LSB questions ‘one size fits all’ approach to indemnity insurance


PII: LSB to provide advice on different models

The diversity of the legal services sector means the one-size-fits-all approach to professional indemnity insurance (PII) adopted by its regulators “may not be the most appropriate”, the Legal Services Board (LSB) has said.

It is set to provide advice to regulators about different models they could use, such as practice area-specific mutual funds and encouraging the use of third-party managed accounts.

The oversight regulator committed last year to investigating financial protection for consumers in the wake of the hardening PII market in 2021, which led to a “sharp rise” in premiums and higher excess fees.

As part of this, the LSB and Solicitors Regulation Authority (SRA) jointly commissioned Frontier Economics to analyse the factors that drove variation in PII premiums.

The full report is due to be published soon, but in a paper for last month’s board meeting, the LSB said it had concluded that “the most important drivers of premiums were firm size, and firms specialising in property work”.

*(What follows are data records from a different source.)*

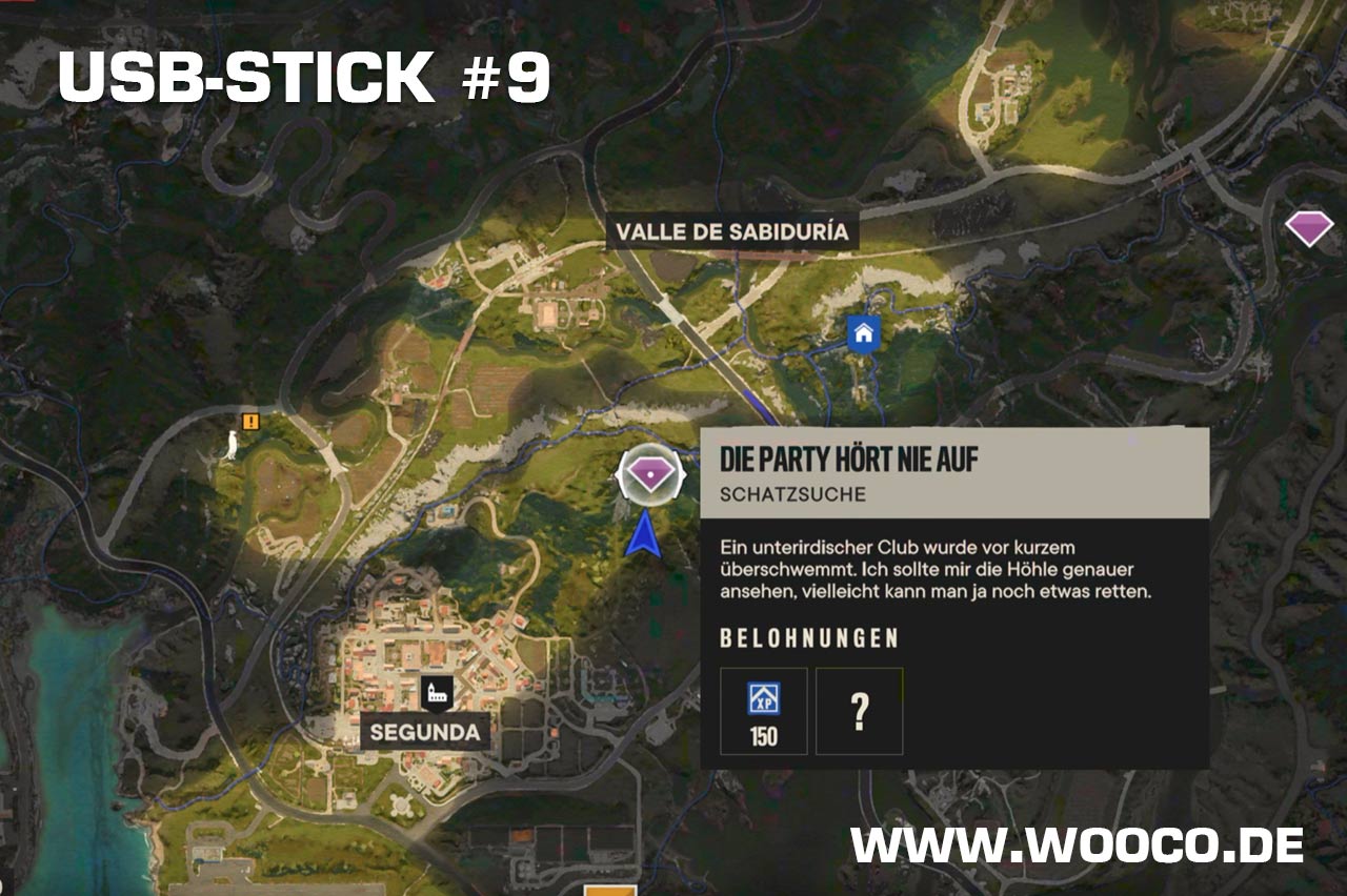 USB-Sticks werden auf der Minimap (HUD) durch ein weißes USB-Symbol gekennzeichnet, sobald ihr euch einem davon nähert. Wenn ihr euch die Suche ersparen wöllt, könnt ihr euch über das Ubisoft-Konto eine Karte Kaufen, welche dann alle USB-Sticks sofort auf der Karte Markiert, es kostet euch 300 Credits.
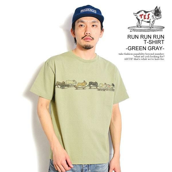 The Endless Summer エンドレスサマー TES RUN RUN RUN T-SHIRT -GREEN GRAY-
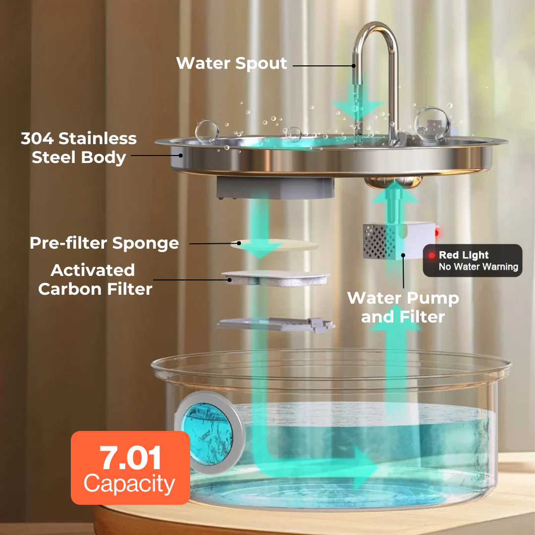 If in doubt, we always recommend sizing up. A larger fountain means less frequent refills and ensures your pet always has access to clean, flowing water—even during hot days or long work hours
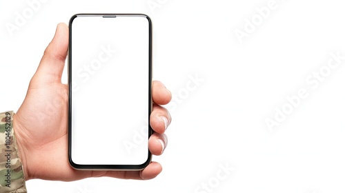 Soldier's hand holds smartphone with blank screen, symbolizing connectivity in modern military operations
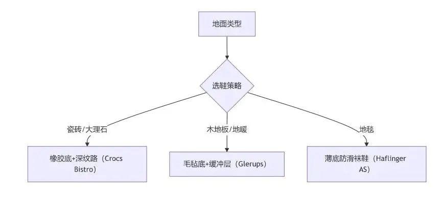 建議日常居家選擇適當的居家用鞋(後跟封閉包裹,足弓支撐穩定,溼滑地面防滑,一腳蹬方便)。洗澡時可穿防滑的拖鞋,其餘在家中的時間還是穿居家用鞋更好些。
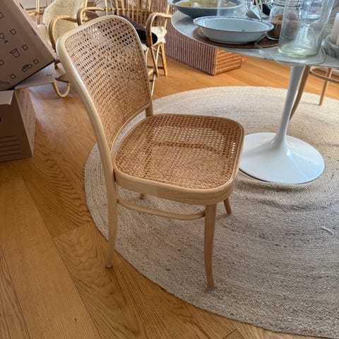 Rottinkiset Faurholt tuolit 3kpl. Maalipinta ja rottinkiset istuinosat ovat hyvässä kunnossa, pieniä käytön jälkiä on näkyvissä.
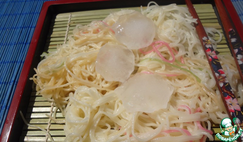 Подаём с отваренной лапшой. Японцы, кстати, в жару лапшу едят со льдом, полив её немного соевым соусом.
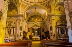 L’intérieur de l’église est plutôt chaleureux, comme nombre d’églises néoclassiques sardes de la région. On note une multitudes de fresques dans l’édifice, surtout autour du dôme, véritable puits de lumière. Au sommet du chœur trône le repas de la Cène, au soir du Jeudi Saint. Les autels latéraux sont dédiés à la Vierge Marie et à saint Pierre.
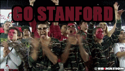 Stanford football fans cheer enthusiastically, showing their support for the team with painted faces.
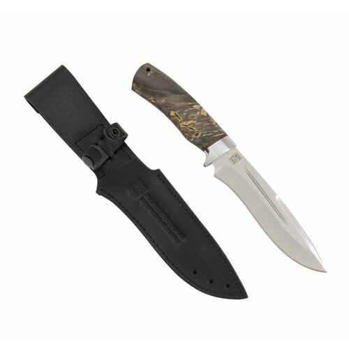Рукоять ножа изготовлена из стабилизированного кап клена, который обладает высокой прочностью и устойчивостью к влаге и перепадам температур. Это делает нож надежным и удобным в использовании в любых условиях.

Property law firms and small firms “tended to pay higher premiums as a percentage of their annual turnover, therefore their consumers might be most impacted by rising PII premiums”.

Researchers said that “to a lesser extent” law firms conducting private client, litigation and corporate work also paid higher premiums, a pattern which was “largely reflected” in their analysis of the estimated contribution of PII premiums to legal fees paid by consumers across different areas of law.

Other drivers of higher premiums included “having more fee-earners (and qualified fee-earners), holding high and variable amounts of client money, regulatory action, and more cyber insurance”.

Factors behind lower premiums included more work in employment law or legal aid work.

The LSB said it had concluded from these findings that “because the legal services sector is highly diversified, the one-size-fits-all approach adopted by regulators in their PII arrangements may not be the most appropriate”.

Conversely “there may be scope for a more graduated approach to PII that is more closely aligned to risk”.

There was also “a lack of transparency about what drives premiums, limiting the ability of firms to identify and respond to risks that would reduce their cost exposure”.

Although there was “limited evidence of consumer harm to date”, there was a risk of reduced access to services if higher prices for PII were passed onto consumers.

The LSB said that, after the Frontier Economics report was published, it would put together a paper “setting out insight and options for the legal services regulators to take into account, when they consider the PII  arrangements for their regulated communities”.

The paper would not take the form of rules, guidance or policy, but would “sit within the regulatory performance sourcebook”, meaning regulators should consider it when reviewing their PII arrangements.

The LSB said options in the paper for regulators could include alternative insurance models, such as “mutual funds for certain types of firms operating in specific practice areas”.

Other options were improving “existing tools such as third-party managed accounts” for small firms or ongoing competence, which could reduce the risk of claims arising.

Supervisory activities that could provide “additional assurance to insurers” were another option, along with “collaboration with financial institutions to improve use and quality of data gathered by PII insurers, for example through greater transparency or standardisation of renewal forms”.